Rep. Mike Doyle (D-Penn.), a Democrat in the House of Representatives who championed a bill that would restore net neutrality, “definitely” intends on reintroducing legislation to restore the rules, his office told the Daily Dot.
While it remains to be seen exactly how the bill will take shape, Doyle, a member of the House Energy and Commerce Committee and chairman of the communications and technology subcommittee, has a history of championing net neutrality. In 2019, he pushed the Save the Internet Act in the House of Representatives.
That bill essentially would have codified the 2015 Open Internet Order and was enthusiastically endorsed by net neutrality advocates. Doyle ushered it through committee hearings and markups and eventually a full vote in the lower chamber in April 2019.
While the bill passed the House of Representatives, the Senate version of the Save the Internet Act languished in the upper chamber. Several attempts by Democrats to force a vote on the bill were blocked by Republicans.
With the next Congress officially underway, the congressman plans on continuing a push for net neutrality restoration, his office said.
"Congressman Doyle definitely intends to reintroduce legislation to restore net neutrality," the congressman's office told the Daily Dot in a statement. "Broadband access is more important than ever, and consumers need these protections—and a cop on the beat—now more than ever."
A member of the congressman's staff said as the committee is still getting organized, the timing for everything is still up in the air, but net neutrality remains a high priority.
While the Save the Internet Act previously faced opposition in the Senate, a potential new net neutrality bill has a much clearer path in the wake of Democrats taking control of the Senate following the Georgia Senate runoff elections earlier this month.
After passing in the House in April 2019, the Senate version of the Save the Internet Act faced stiff opposition in the Republican-controlled upper chamber.
However, Democrats were able to pick up both of the Georgia Senate seats in the elections, giving them control of the Senate with Vice President-elect Kamala Harris serving as a tie-breaking vote. That instantly increases the chances of a net neutrality bill passing through the chamber and eventually making its way to President Joe Biden's desk.
But the path isn't entirely without obstacles. With a slim majority only with Harris (who has been vocal in supporting net neutrality) serving as a tie-breaker, Democrats would also have to convince at least one member of their party—Sen. Kyrsten Sinema (D-Ariz.), who did not join her colleagues in supporting the Save the Internet Act—or a Republican senator, to get a majority of senators in favor of it.
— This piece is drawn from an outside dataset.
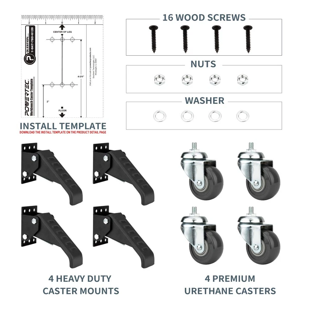 Store New Arrivals Add to Favorite View Feedback Contact Workbench Caster Kit Set of 4 with Side Mounting Options & 400 Lbs Loads, 2-1/2 Inch Retractable Stepdown Caster Wheels for Workbenches, Tables, Stands and Equipments (17001) Description Item model number 17001 Unit Count 4.0 Count Style Side Mounting, Retractable Color Black Product Dimensions 10 x 5 x 4.5 inches; 8.3 Pounds Material Stainless Steel Country of Origin Taiwan Item Weight 8.3 Pounds Is Discontinued By Manufacturer No Size 2-1/2", 400lbs, 4PK CONTENTS: Workbench caster kit includes (4) swivel casters with 2-3/8” polyurethane wheels, pedal brackets and easy install mounting hardware HEAVY DUTY: Casters flaunt an extra-thick housing and durable stainless steel construction that supports up to an impressive 400lb lifting weight capacity per set STEPDOWN CASTERS: Features an innovative design with a non-slip foot activated pedal mechanism that allows you to elevate and move your workbench for fast and easy mobility VERSATILE: Our universal workbench mobile base kit is perfect for at-home and automotive garages, professional workshops, and anywhere mobilized workstations are required. 16 sets of mounting screws included for two installation styles FREE PIVOTING: Swivel casters flaunt 360 degree pivoting action - offering functional versatility for an assortment of projects that require maneuverability and workstation flexibility Introducing the Workbench Caster Kit (4 Pack) by POWERTEC. This caster wheel set was designed to help maximize your workspace by adding mobility to your workbench, allowing you to conveniently position it anywhere in your workshop – without a hassle. PREMIUM FEATURES TO TAKE ADVANTAGE OF: A free-pivoting swivel mechanism that ensures a proper 360 rotation, providing optimal control and maneuverability to turn tight corners. An impressive 100 lb loading capacity per caster – perfect for an assortment of heavy lifting jobs. Polyurethane (PU) caster wheels, which are non-marring and designed to protect your floor while offering a smooth rolling experience. A foot pedal mechanism that’s foot-activated and features a rugged steel construction with a matte black finish. Pre-drilled holes and installation hardware, offering a simplistic approach to mounting. 16 sets of mounting screws included for multiple installation options. Casters engineered with high precision ball bearings, offering exceptional noise reduction, decreased resistance and consistent hauling. POWERTEC is a leading manufacturer of high quality wood work accessories, sanding discs and an assortment of OEM parts. We are committed to exceeding expectations, while bringing the latest innovations, technology, and product development to the industry. ABOUT US We offer the best prices around on high quality products. Our E-store includes media such as books, movies, music and games while offering electronics, toys, sporting apparel, clothing, tools, general home, garden items and more. SHIPPING We are always working hard to ensure your package arrives as soon as possible. Please understand that some factors like weather, high postal traffic, and the performance of shipping companies are outside of our control. We offer free shipping to the lower 48 states and ship within 2 business days of payment, usually sooner. We do not accept P.O. Boxes. Please provide a physical address. For shipping outside of the continental USA, we only use eBay's Global Shipping Program.The item is shipped to KY and then sent to the rest of the world. International customers are responsible for all duties and taxes. Continue to check out in order to calculate costs for shipping the item to your country. Messages regarding eBay's Global Shipping Program MUST be directed at eBay EXCLUSIVELY. RETURNS We offer a 30-Day Return Policy on items which you are not completely satisfied with. You have the option for a full-refund or an exchange of the item. No returns are available on items shipped outside of the USA. PAYMENT We accept PayPal. CONTACT US This page content is yet to come Please ad us to your favorite seller and visit again later Thank You CUSTOMER SATISFACTION We try our very best to make sure every customer is completely satisfied. If there's a problem, message us! We're happy to help. WE ACCEPT Copyright © 2021 AutoDS. | All Rights Reserved

Getting Republican senators on board with net neutrality issues isn't without precedent. In 2018 the Senate passed a Congressional Review Act (CRA) effort that would have overturned the Federal Communications Commission's (FCC) repeal of net neutrality.
During that vote, three Republicans bucked the rest of their party and voted for the CRA. Those senators were Sen. Susan Collins (R-Maine), Sen. Lisa Murkowski (R-Alaska), and Sen. John Kennedy (R-La.). All three are still in the new Senate. The CRA effort died after passing in the Senate, as the then-Republican controlled House failed to gather the required signatures to vote on it.
It has been widely speculated that Biden winning the 2020 election meant that net neutrality would come back in some form, but now it looks like at least part of the fight to restore the rules will unfold in Congress.